Partendo dall’ipotesi che non esiste né causalità diretta fra la Shoah e la creazione di uno
Stato ebraico, né una deliberata manipolazione della memoria della Shoah da parte di
Israele, l’a. mostra come il nesso di causalità tra la Shoah e la nascita dello Stato di Israele
si sia sviluppato a posteriori come un fattore che ha conferito alla storia un senso di redenzione (p. 189).
Nel primo capitolo l’a. evidenzia come una comunità ebraica nazionale, con una
sua lingua, un nucleo armato e strutture amministrative, esistesse già prima della seconda
guerra mondiale e che dunque la Shoah non «crea» lo Stato di Israele, come si dice spesso.
Anzi, negli anni ’40 e ’50, lo Stato di Israele, come Bensoussan espone nel secondo e terzo
capitolo, tenta di occultare la presenza significativa dei sopravvissuti (un terzo della popolazione ebraica) con un silenzio «quasi terapeutico» e pieno di vergogna; la Shoah viene
allora celebrata in pubblico come «una tragedia senza volto». Il quarto capitolo affronta il
dibattito pubblico e politico, che si cristallizza intorno alla «lezione» secondo cui lo Stato
ha il dovere di essere forte, perché lega la sua legittimità non più alla storia di redenzione
del soggetto ebraico, ma alla storia di un radicale abbandono da parte del mondo e alla
storia delle persecuzioni, di cui la Shoah non è che l’ultimo esempio. Questa visione,
tuttora dominante, è in contraddizione con la visione dei padri fondatori del sionismo,
convinti che la violenza antisemita appartenesse solo al passato della diaspora, e non più
al presente in uno Stato-nazione ebraico.
Il processo Eichmann, nel 1961, accelerò il processo della comparsa della memoria
individuale dei sopravvissuti attraverso le loro testimonianze e le voci letterarie e artistiche
della «seconda generazione» nata dai genitori sopravvissuti.

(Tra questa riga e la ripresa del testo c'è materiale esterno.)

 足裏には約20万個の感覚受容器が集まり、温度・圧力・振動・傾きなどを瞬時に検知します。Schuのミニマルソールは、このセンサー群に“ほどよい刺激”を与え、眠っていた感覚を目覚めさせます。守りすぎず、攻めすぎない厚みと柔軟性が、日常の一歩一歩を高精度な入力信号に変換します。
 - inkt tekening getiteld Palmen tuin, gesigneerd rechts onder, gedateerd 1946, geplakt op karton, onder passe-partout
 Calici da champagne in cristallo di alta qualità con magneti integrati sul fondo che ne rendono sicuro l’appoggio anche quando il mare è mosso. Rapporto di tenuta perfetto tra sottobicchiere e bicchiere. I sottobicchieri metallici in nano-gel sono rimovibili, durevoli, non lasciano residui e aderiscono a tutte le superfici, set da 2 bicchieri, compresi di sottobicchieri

Questo processo, sullo sfondo
della guerra del 1973 e della paura esistenziale che generò, raccontato nel quinto capitolo,
risultava da una nuova memoria della Shoah coniugata a quella personale di «ogni ebreo».
Nell’ultimo capitolo Bensoussan descrive come la nuova identità israeliana si crei intorno
al culto della memoria della Shoah in quanto destino innato, e come serva da cemento
non solo per l’eterogenea nazione israeliana, di cui più della metà dei cittadini sono di
origine araba e non europea, ma anche per saldare le relazioni con gli ebrei della Diaspora.

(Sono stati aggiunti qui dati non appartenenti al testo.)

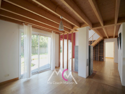 Au rez-de-chaussée, une entrée séparée dessert une pièce de vie lumineuse avec une cuisine aménagée et équipée ouverte sur un salon-séjour chaleureux avec son poêle à bois en pierre stéatite (Tulikivi) et son espace bibliothèque. Pour vivre confortablement de plain-pied, deux chambres dont une disposant un bel espace pouvant être aménagé en dressing, une spacieuse salle de bains et un wc. Attenant à la cuisine, un cellier/espace buanderie, permet d'avoir un espace de rangement supplémentaire. En visitant l'étage, vous serez séduit par la mezzanine qui surplombe le salon et offre une vue sur le jardin. Deux chambres, une salle d'eau avec wc et un espace de rangement, complètent ce niveau. De beaux volumes, des matériaux de qualité, une belle luminosité !
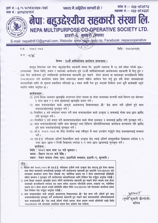 सदा झै यस् बर्ष पनि यस् संस्था बिधिवत दर्ता भएको दिनको उपलक्ष्यमा निम्न...
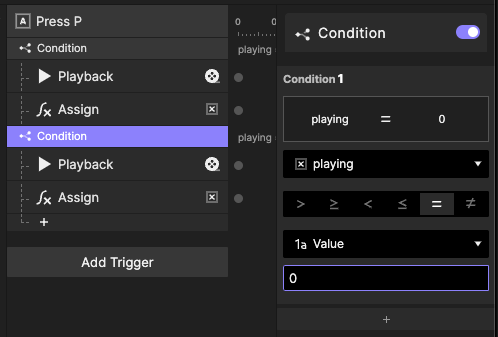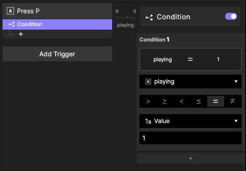 现在回到这个按键按下触发动作上,添加一个条件(Condition)并按下图进行设置:
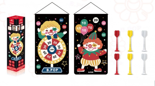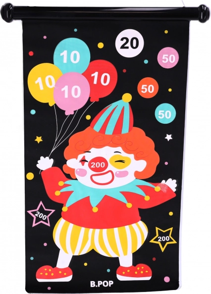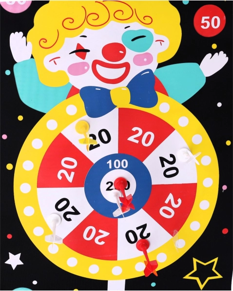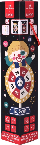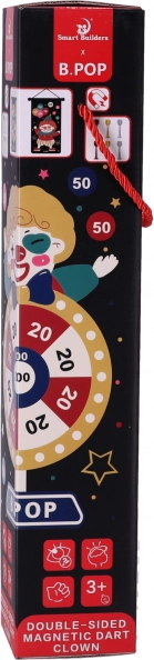 Acest joc de darts pe disc magnetic, sigur și dublu-față, presupune lovirea exactă a unor puncte specific marcate cu săgeți magnetice. Setul include 6 săgeți magnetice în trei culori: alb, galben și roșu. Ținta este realizată dintr-un material textil negru, ilustrat cu un clovn colorat. Copiii își pot exersa precizia, concentrarea și îndemânarea în timp ce se distrează. Caracteristica de a putea rula scutul facilitează depozitarea și transportul atunci când nu este folosit.
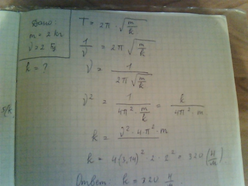 груз массой 2кг подвешен на пружине и совершает колебания вдоль вертикальной оси с частотой 2 Гц. найдите жесткость пружины
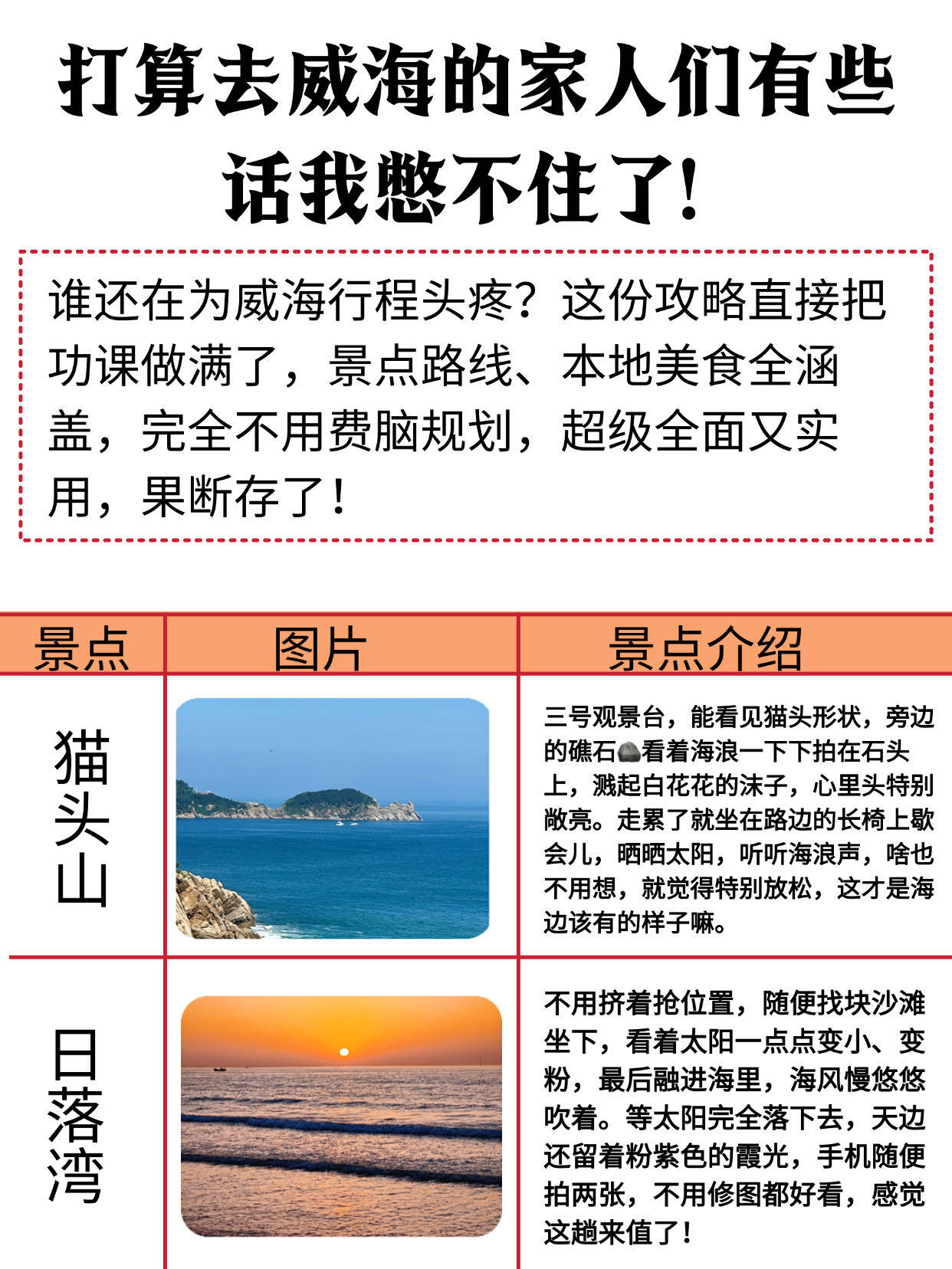 谁还在为威海行程头疼?这份攻略直接把功课做满了,景点路线、本地美食全涵盖,完全不用费脑规划,超级全面又实用,果断存了!
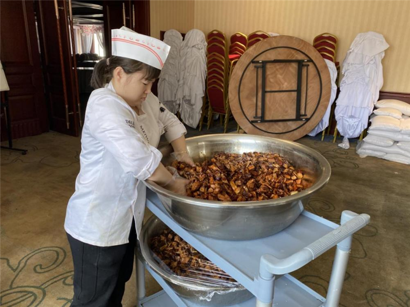 綠茵茵的粽葉,糯嘰嘰的大黃米,腌制入味的五花肉……端午將至,金海大廈出品的手工傳統(tǒng)粽子樣式繁多:有白米粽、紅棗粽、大黃米粽、桃仁花生粽、豬肉粽……金海大廈廚師長說:“從原材料、配料、成品制作到裝箱,都是我親自盯著的,大廈出品,必是精品。”
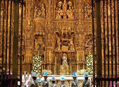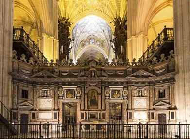 Le Retable majeur est le plus grand de toute la chrétienté. Une œuvre d'art gigantesque entourée d'une grande grille. Réalisé en bois polychrome, il se compose d'un ensemble de 44 reliefs et de plus de 200 figures de saints. Sa surface fait près de 400 mètres carrés. À l'intérieur de la cathédrale se trouve également la tombe de Christophe Colomb. Forte de son patrimoine artistique, elle est considérée comme l'une des plus riches pinacothèques d'Espagne. On peut y voir des œuvres de Murillo comme le portrait de San Fernando, Le Baptême du Christ ou l'Immaculée Conception ; Saintes Juste et Rufine de Goya et des œuvres d'Alonso Cano, Francisco Herrera el Mozo ou encore Luis de Morales, entre autres. Parmi les sculptures, on compte des œuvres de Pedro Roldán, Alonso Martínez, Juan de Mesa, ou que Martínez Montañés a réalisées en 1603 pour la Cartuja de Séville, Le Christ de la clémence ou Christ des Calices, chef-d'œuvre du baroque sévillan, que l'on peut désormais admirer dans cette enceinte. Parmi les nombreuses pièces d'orfèvrerie, il faut évidemment nommer la Custodia réalisée par Juan de Arfe en 1580.
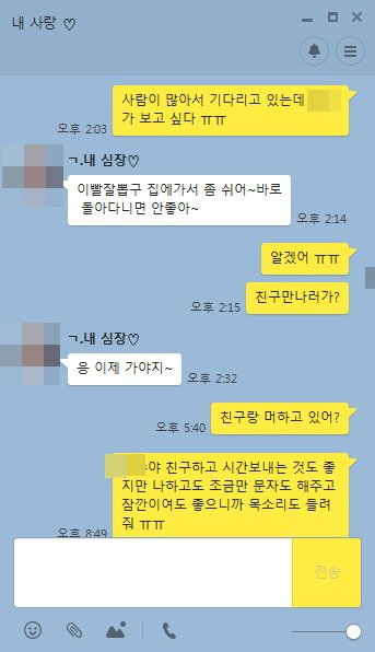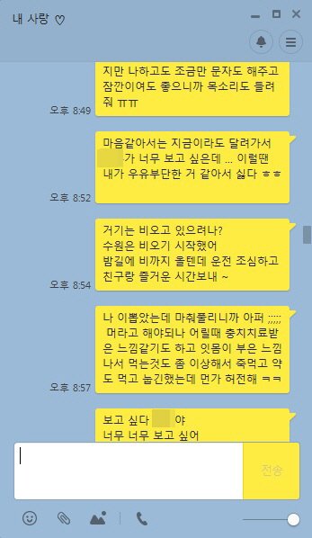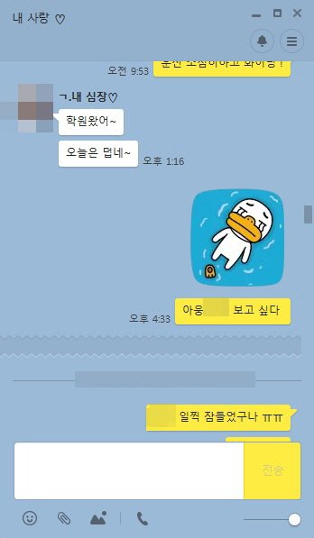 대화를 이어갈라해도 뚝뚝 짤리는 기분. 어떨땐 이모티콘만 날아오고 끝납니다.
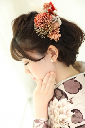 髪型は、ショートをまとめて髪飾りの色合いもマッチしてます。
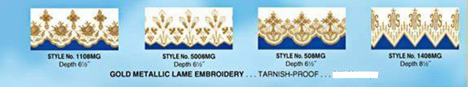 Altar linen made of 100% polyester with metallic gold Wheat lame embroidery, tarnish proof, design-depth 6-1/2", 58" width . Additional charge for hemming. ( Maximum 15 yards only. If order exceeds 15 yards, give breakdown on cuts needed. )
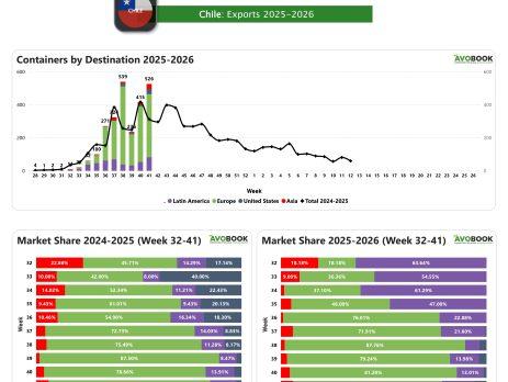 El aguacate chileno continúa ganando impulso en el mercado internacional. En la semana 42, el país registró un volumen de aproximadamente 526 contenedores exportados, cifra considerada alta y superior a las expectativas iniciales. Este nivel representa un incremento del 27% respecto a la semana anterior y un 69% más que en el mismo periodo del año pasado, reflejando una temporada de notable dinamismo.
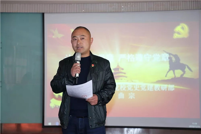 曲宗副教授首先明確了黨章 "根本大法”的地位,指出黨章是規(guī)范和指導(dǎo)黨的工作、黨內(nèi)活動(dòng)、黨的建設(shè)的根本依據(jù)。隨后曲宗副教授介紹了黨章的歷史沿革,以及十九大修改黨章的歷史意義和重要內(nèi)容,號(hào)召每一名黨員認(rèn)真學(xué)習(xí)黨章,嚴(yán)格遵守黨章,時(shí)刻與黨中央保持一致,自覺做到"兩個(gè)維護(hù)”。要求每一名黨員都把黨章作為政治思想建設(shè)方面的X光機(jī),每年對(duì)照黨章給自己"體檢”一下,紅紅臉、出出汗,牢記入黨初心、遵守黨的紀(jì)律,維護(hù)一名黨員的思想行為純潔性。

L’a. conclude che a questa comprensione della tragedia si è aggiunta, guerra dopo guerra,
la convinzione che il posto degli Ebrei nel mondo sarebbe stato ancora messo in discussione ed è per questo che «la memoria si è così rinchiusa come una trappola che impedisce
di vivere e condanna ad un costante ritorno all’angoscia» (p. 191).